Some of the coverage of Lord Patten’s Marr interview and his RTS lecture, while welcoming his intent, has made the mistake of perpetuating the myth that the Prime Minister’s salary (usually quoted as £142,500) should be used as a ‘benchmark’ against which all executive pay in the public sector should be compared. There are two main reasons why this position should be challenged. First, the Prime Minister’s base salary is actually £198,660 (Mr Cameron chose to take the lower figure) and the total PM ‘package’ – including living arrangements and allowances - is £581,651. Second, and more importantly, the PM’s salary has no relation to any real labour market. There is not a shortage of applicants and no job specification. PM pay is not objectively linked to the value of the job, nor to the need to recruit and retain individuals. It is not rational to use this figure as a guide and those who continue to quote it are either misguided or mischievous.

Interestingly, the BBC was explicitly excluded from the scope of the Fair Pay Review as it is not publicly funded in the same way as a local authority or government department. Nonetheless, it is firmly in the ‘public realm’ and it is right that its remuneration policy and practice should be subject to public scrutiny. The issues of fairness and transparency were given considerable emphasis in Will’s Review and he was especially keen to send a message to Remuneration Committees and Non-Executive Directors about the role they play in keeping executive pay proportionate.

Ultimately the BBC, other public bodies and – arguably – plcs are facing more fundamental questions of governance. Boards of Directors are being challenged to open up to scrutiny decision-making processes which have been shrouded in unnecessary secrecy for too long. Lord Patten’s bold move should be the first of many.

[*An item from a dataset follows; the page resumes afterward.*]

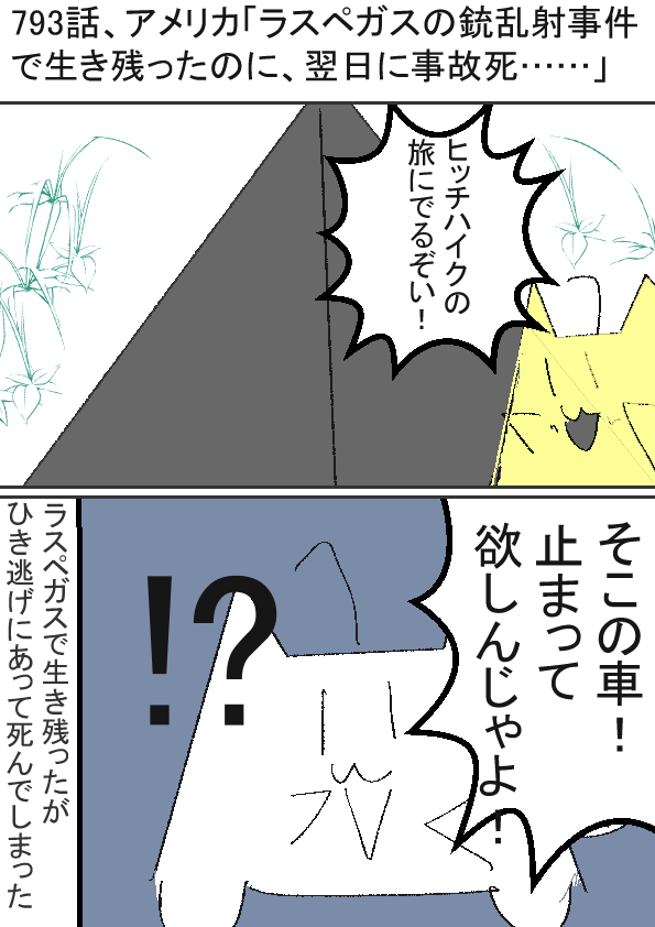 †(´・ω・`)たぶん……ヒッチハイクするために、車道に近い場所を歩いていたんだと思う……
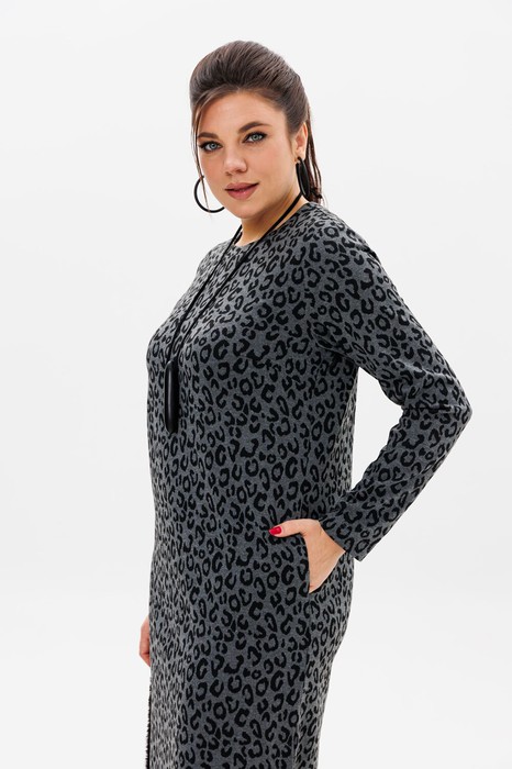 Особенность модели — стильная шлица на кнопках, расположенная сбоку, которая не только добавляет оригинальности, но и позволяет варьировать образ: расстегнув несколько кнопок, можно создать лёгкий, игривый акцент. В боковых швах предусмотрены карманы, что делает платье ещё более практичным и удобным.

Comments in Chronological Order (Total 2 Comments)

Sam Roberts

07 Jul 2011 10:48AM

Good joke, good blog and good observations on the Prime Minister's salary as benchmark. I'm still of the view that tackling 'fat cat' pay in the public sector is skirting the very real and bigger issue (and bigger pay packets) in the private sector. This is where the most unjustified disparities exist between top and bottom and, therefore, the major root of 'unfairness' within society.

Nick Isles

11 Jul 2011 12:14PM

Sam is quite right to suggest the real problem emanates from the private sector. The High Pay Commission, to which I am an advisor, will make its final report in the autumn on ways and means to tackle top pay in the UK's big businesses. The recent Resolution Foundation work on who has been benefitiing from growth in recent years shows that those at the top of the income distribution have been taking a larger and larger share of the economic rent while ordinary workers wages stagnate. Something bold, brave and radical needs to be done to develop a more compassionate and fairer capitalism. This requires us to have a proper discussion about power and its distribution in organisations. This is what I, and others, hoped The Good Work Commission (GWC) (which I set up with Will in 2008) might begin to address. However last week's final report was a complete damp squib in that regard. It is clear that the radical agenda on work requires a strengthening of collective voice institutions particularly in the private sector and outing bosses who have eaten all the pies while sacking their workforces (banks, Murdoch etc etc). This is our challenge. If we fail to meet it life is going to get harder and harder for the vast majority of the UK's workforce.